Supplied material:
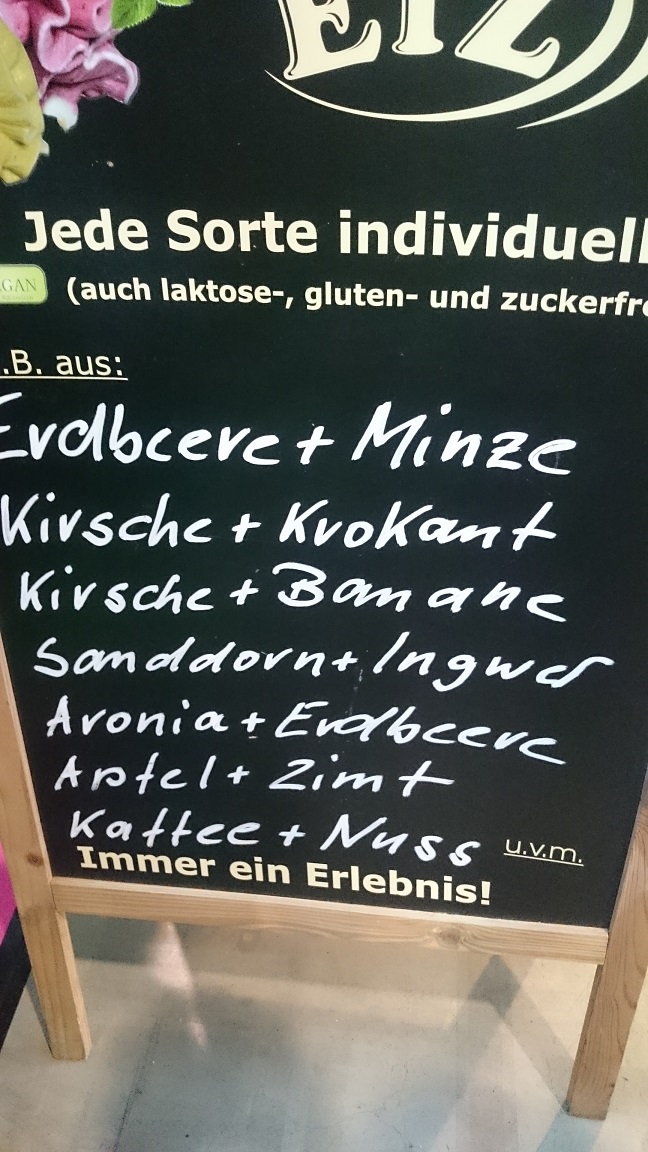 ここでは数種類のコンビネーションが組まれていて、明花さんはサンドドーン(日本語で何というのかわからない)と生姜、うちのダンナはサクランボとバナナ、私はコーヒーとナッツ。どのコンビネーションもあんまり合っていませんでした。エアフルトの方がおいしかったなぁ。
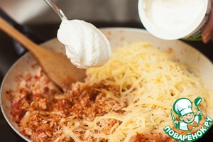 Туда же отправляются тертый сыр и сметана. Перемешиваем, пробуем на соль, перец и снимаем с огня.
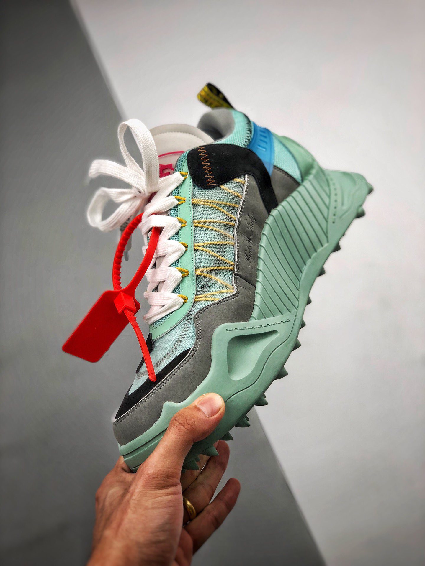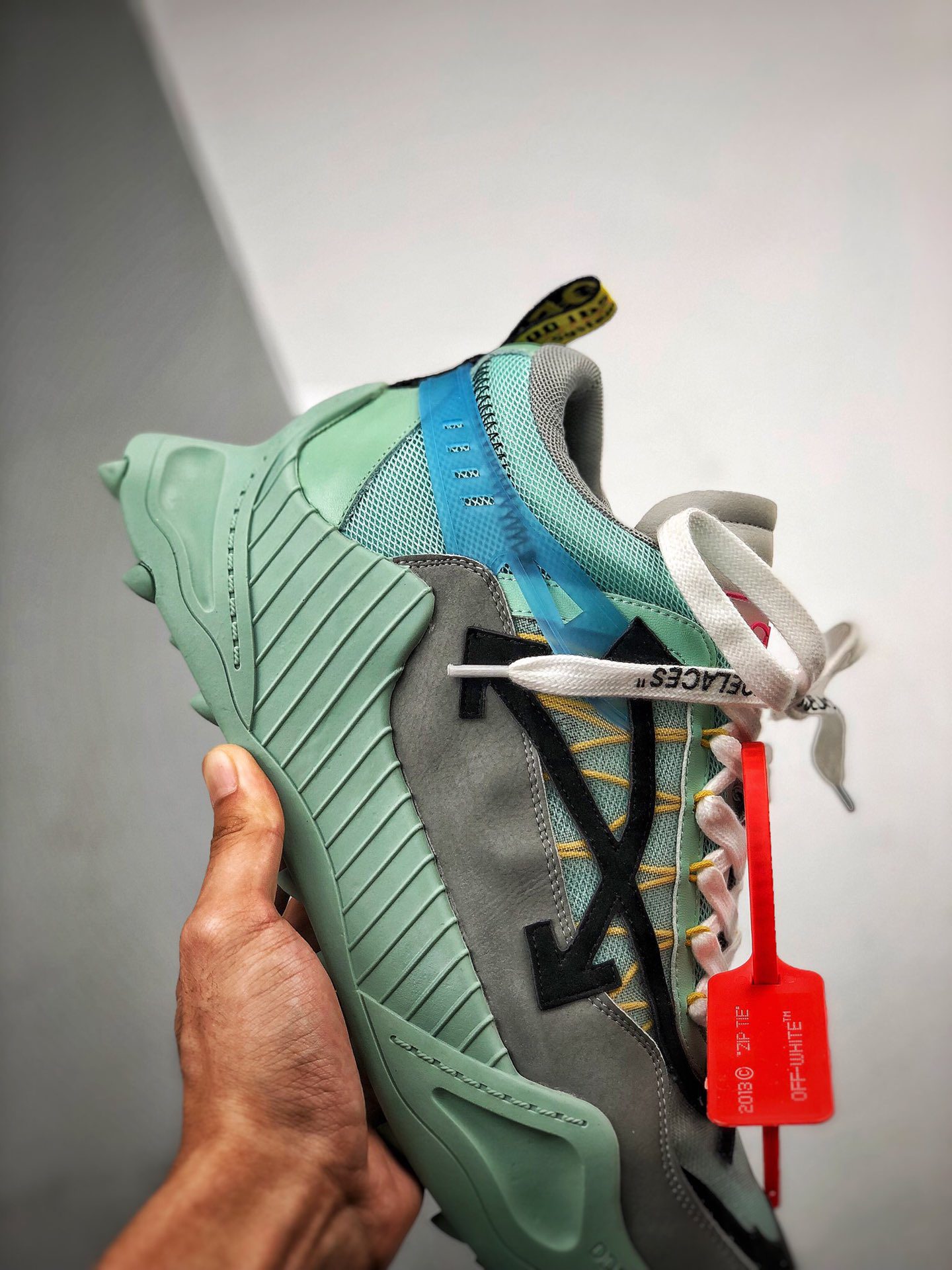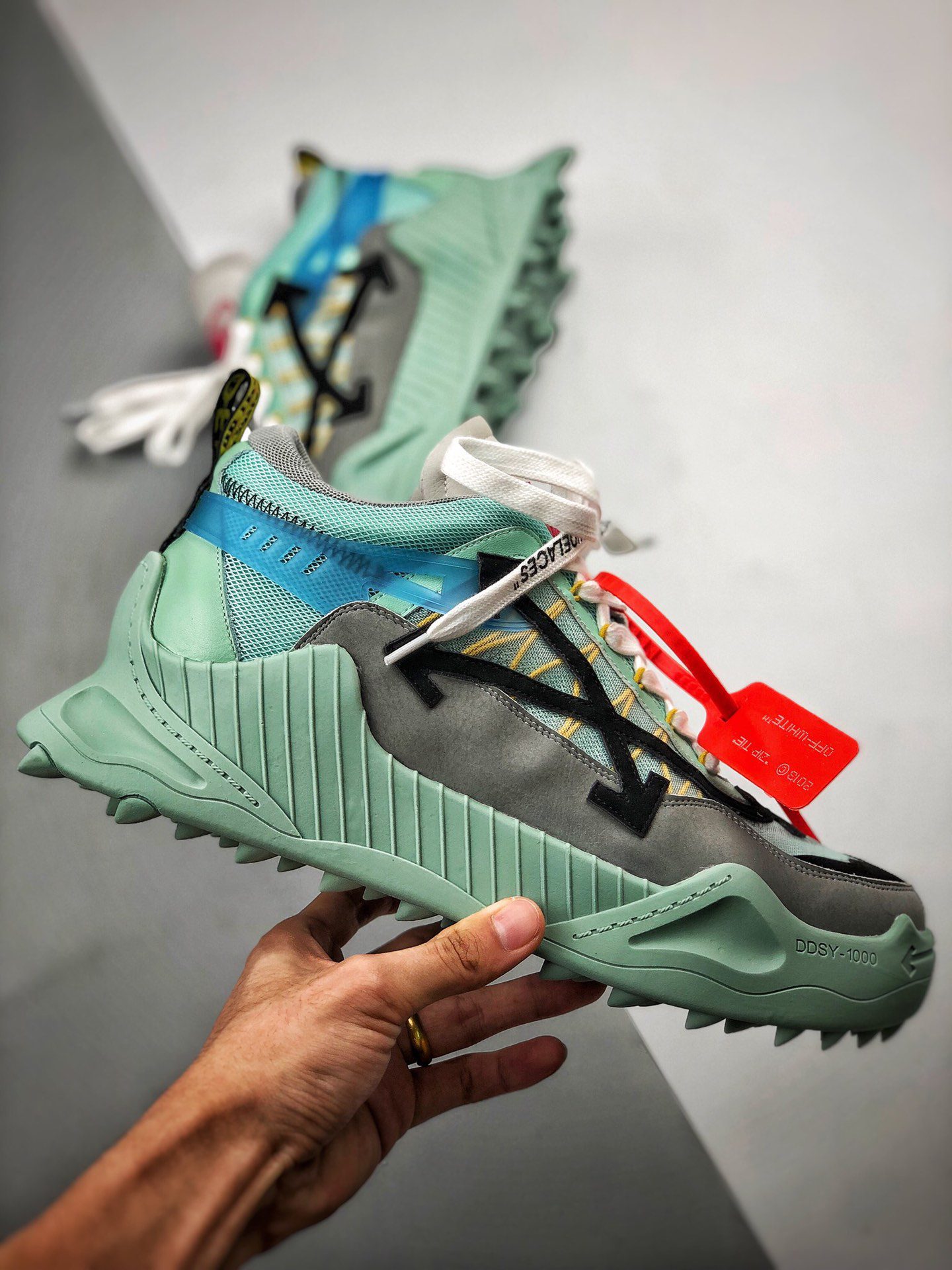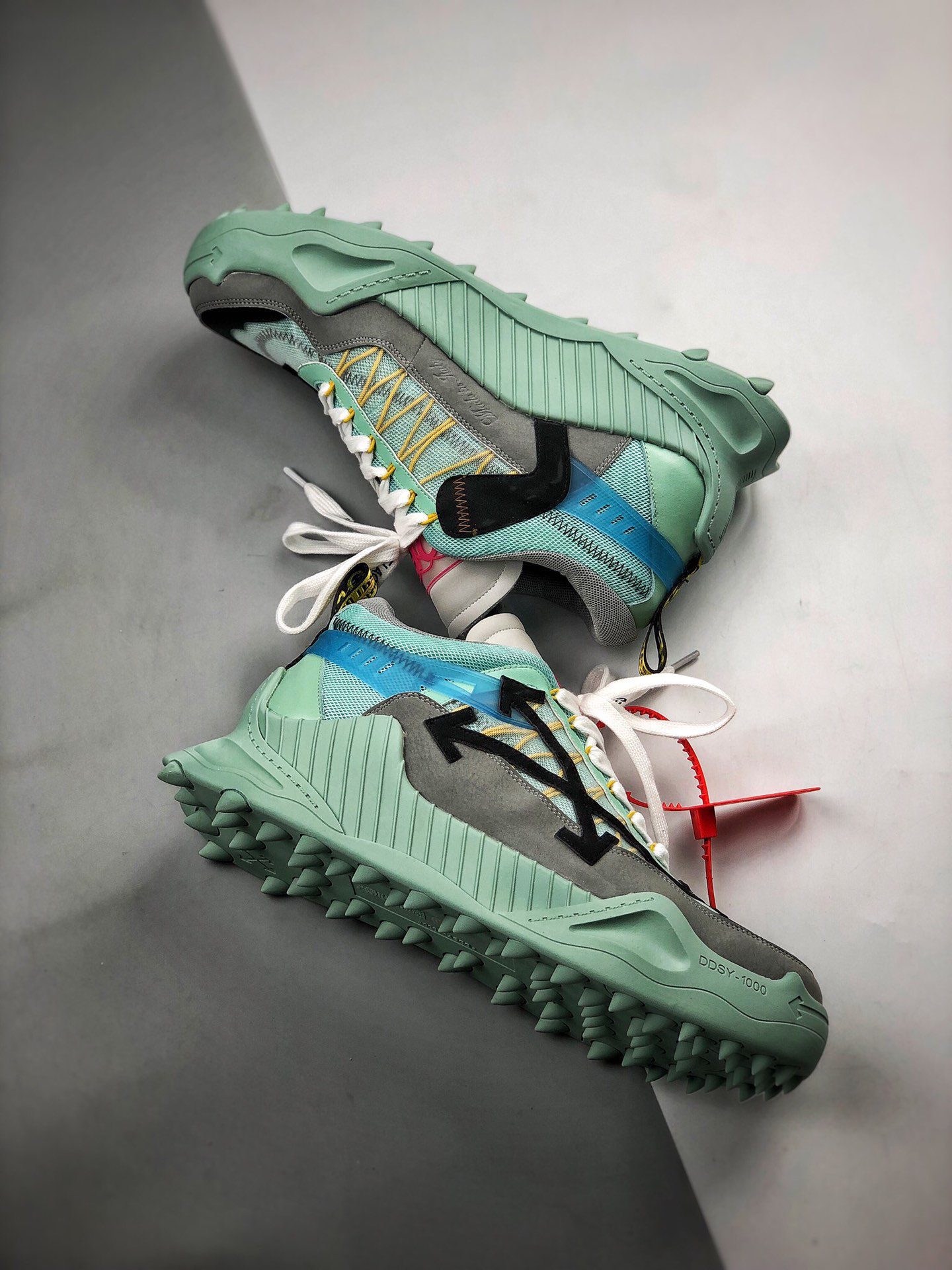 The Off White Odsy 1000 Light Blue FW20 is a standout sneaker from Off-White’s Fall/Winter 2020 collection, known for its chunky silhouette and bold design. Featuring a light blue mesh and leather upper, this model combines technical overlays with Virgil Ablohs signature arrow branding, creating a distinctive look. The shoe is completed with a bulky midsole and a jagged rubber outsole, offering both style and durability. The Off White Odsy 1000 Light Blue FW20 perfectly blends streetwear aesthetics with high-performance elements, making it a sought-after piece for sneaker enthusiasts. This sneaker embodies the innovative spirit of Off-Whites FW20 lineup, balancing eye-catching color with functional design. Collectors and fashion-forward individuals alike appreciate the Off White Odsy 1000 Light Blue FW20 for its unique colorway and iconic branding.
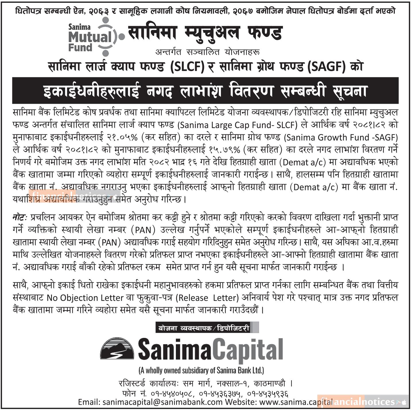सानिमा म्युचुअल फण्डका इकाईधनीलाई नगद लाभांश वितरण सम्बन्धी सूचना
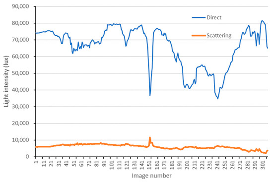 The least square method is used to solve the overdetermined equation of constructed by Equation (7). The measured results of direct and scattering radiation are presented in Figure 6. Consequently, the direct radiation proportions corresponding to the entire image capture time can be obtained, and the results are shown in Figure 7. Note: It has been tested that discarding the sensor-measured results with excessively large incident angles can enhance the accuracy and robustness of the results.
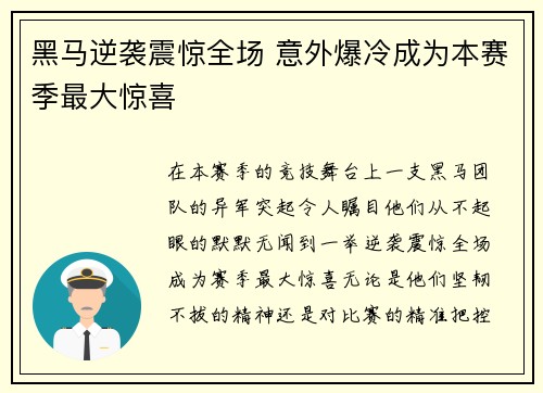 在本赛季的竞技舞台上,一支黑马团队的异军突起令人瞩目,他们从不起眼的“默默无闻”到一举逆袭震惊全场,成为赛季最大惊喜。无论是他们坚韧不拔的精神,还是对比赛的精准把控,都为他们的逆袭增添了浓厚的色彩。这...
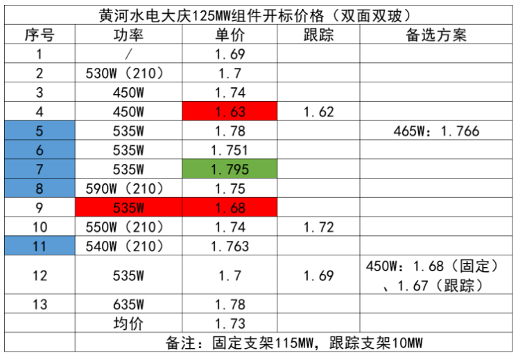 根据标书,黄河水电125MW组件采购需要于6月30日前完成交货。受供货时间影响,黄河水电此次招标价格仍然处于高位,从开标结果看,大部分厂家的报价仍维持在1.7元/瓦以上,仅有三家报价低于1.7元/瓦,均价1.73元/瓦。
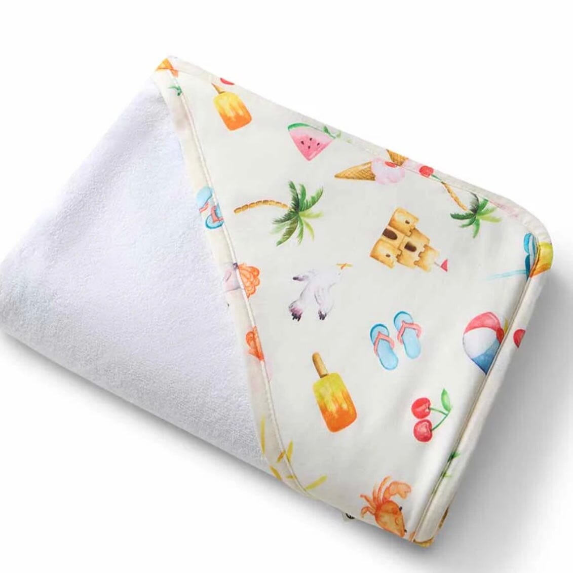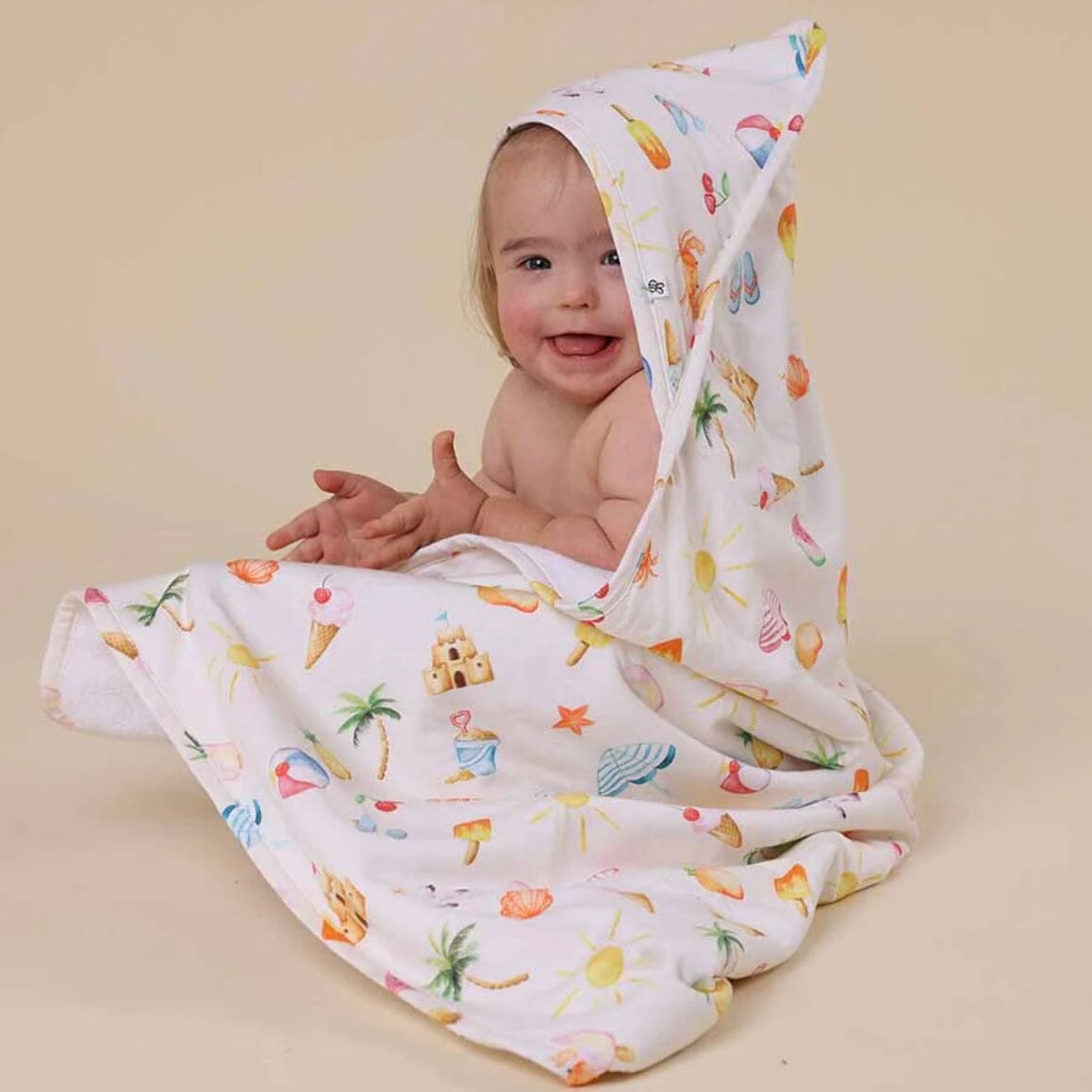 This beautiful extra large organic baby towel in Beach Fun is the perfect size for babies and toddlers and will brighten up any bathroom.
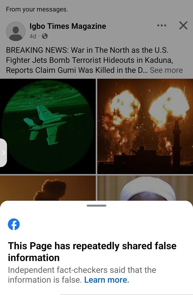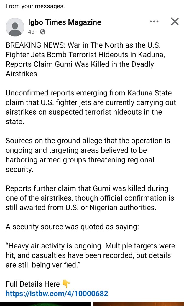 A Facebook page, Igbo Times Magazine, on Tuesday, 16th December, 2025, posted on its website, claiming that United States of America fighter jets are carrying out a bombing attack on terrorists in Kaduna State, the northern part of Nigeria.
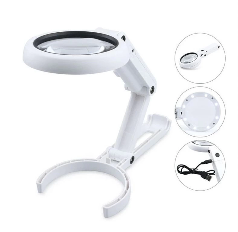 Usb Şarj Edilebilir Katlanabilir 3.5-10x Büyüteç 8 Ledli Masa Ve Eliçin Taşınabilir Büyüteç Fs90rc
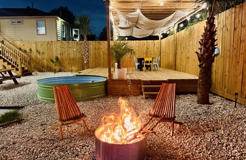 Stylish 2-bedroom, 1-bath apartment with a queen sofa bed, fully equipped kitchen, and a shared backyard featuring a wooden deck, stock tank pool, fire pit, and grill. Located in a quiet neighborhood, minutes from Houston’s top attractions. Sleeps up to 6 guests.
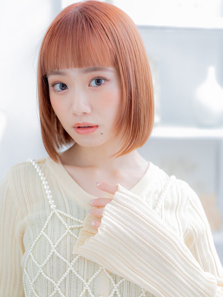 大人可愛いアプリコットオレンジ切りっぱなしボブ20代30代
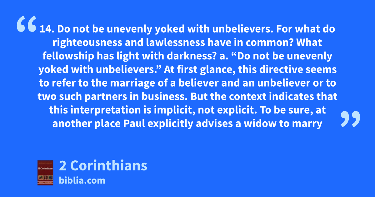 14. Do not be unevenly yoked with unbelievers. For what do righteousness and lawlessness have in common? What fellowship has light with darkness? a. “Do not be unevenly yoked with unbelievers.” At first glance, this directive seems to refer to the marriage of a believer and an unbeliever or to two such partners in business. But the context indicates that this interpretation is implicit, not explicit. To be sure, at another place Paul explicitly advises a widow to marry
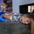 Sexy Randy Moore’s lithe, toned body is beautifully showcased as she writhes on the plush sofa, encased in the smooth, shiny satin and the sturdy nylon ropes that bind her. Her struggles only serve to emphasize her sinuous curves, the ropes accentuating her every movement as they dig gently into her supple skin.
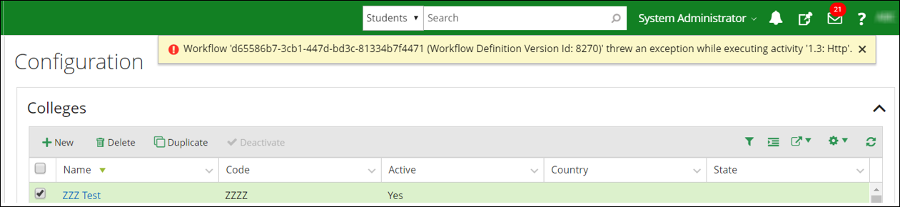 On saving a record in Anthology Student, users would encounter the following error:
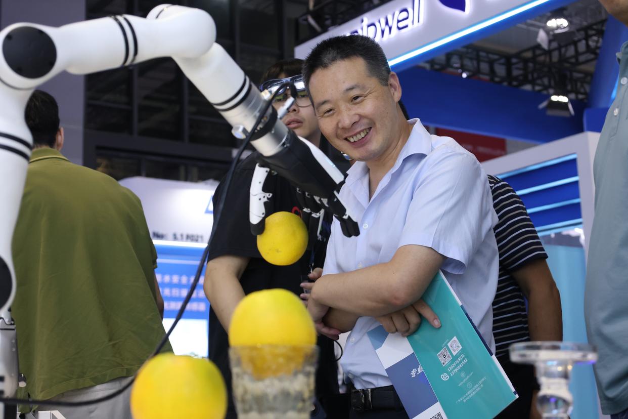 9月23日,参观者在一个进行抓取动作演示的机器手展品前驻足观看。新华社发(潘宗源摄)

Prompt: Would you set down only the lines above from the line with "सानिमा म्युचुअल फण्डका" to the line with "大人可愛いアプリコットオレンジ切りっぱなしボブ20代30代", both included, exactly as they stand and without the pictures?

Task answer:
सानिमा म्युचुअल फण्डका इकाईधनीलाई नगद लाभांश वितरण सम्बन्धी सूचना
 The least square method is used to solve the overdetermined equation of constructed by Equation (7). The measured results of direct and scattering radiation are presented in Figure 6. Consequently, the direct radiation proportions corresponding to the entire image capture time can be obtained, and the results are shown in Figure 7. Note: It has been tested that discarding the sensor-measured results with excessively large incident angles can enhance the accuracy and robustness of the results.
 在本赛季的竞技舞台上,一支黑马团队的异军突起令人瞩目,他们从不起眼的“默默无闻”到一举逆袭震惊全场,成为赛季最大惊喜。无论是他们坚韧不拔的精神,还是对比赛的精准把控,都为他们的逆袭增添了浓厚的色彩。这...
 根据标书,黄河水电125MW组件采购需要于6月30日前完成交货。受供货时间影响,黄河水电此次招标价格仍然处于高位,从开标结果看,大部分厂家的报价仍维持在1.7元/瓦以上,仅有三家报价低于1.7元/瓦,均价1.73元/瓦。
 This beautiful extra large organic baby towel in Beach Fun is the perfect size for babies and toddlers and will brighten up any bathroom.
 A Facebook page, Igbo Times Magazine, on Tuesday, 16th December, 2025, posted on its website, claiming that United States of America fighter jets are carrying out a bombing attack on terrorists in Kaduna State, the northern part of Nigeria.
 Usb Şarj Edilebilir Katlanabilir 3.5-10x Büyüteç 8 Ledli Masa Ve Eliçin Taşınabilir Büyüteç Fs90rc
 Stylish 2-bedroom, 1-bath apartment with a queen sofa bed, fully equipped kitchen, and a shared backyard featuring a wooden deck, stock tank pool, fire pit, and grill. Located in a quiet neighborhood, minutes from Houston’s top attractions. Sleeps up to 6 guests.
 大人可愛いアプリコットオレンジ切りっぱなしボブ20代30代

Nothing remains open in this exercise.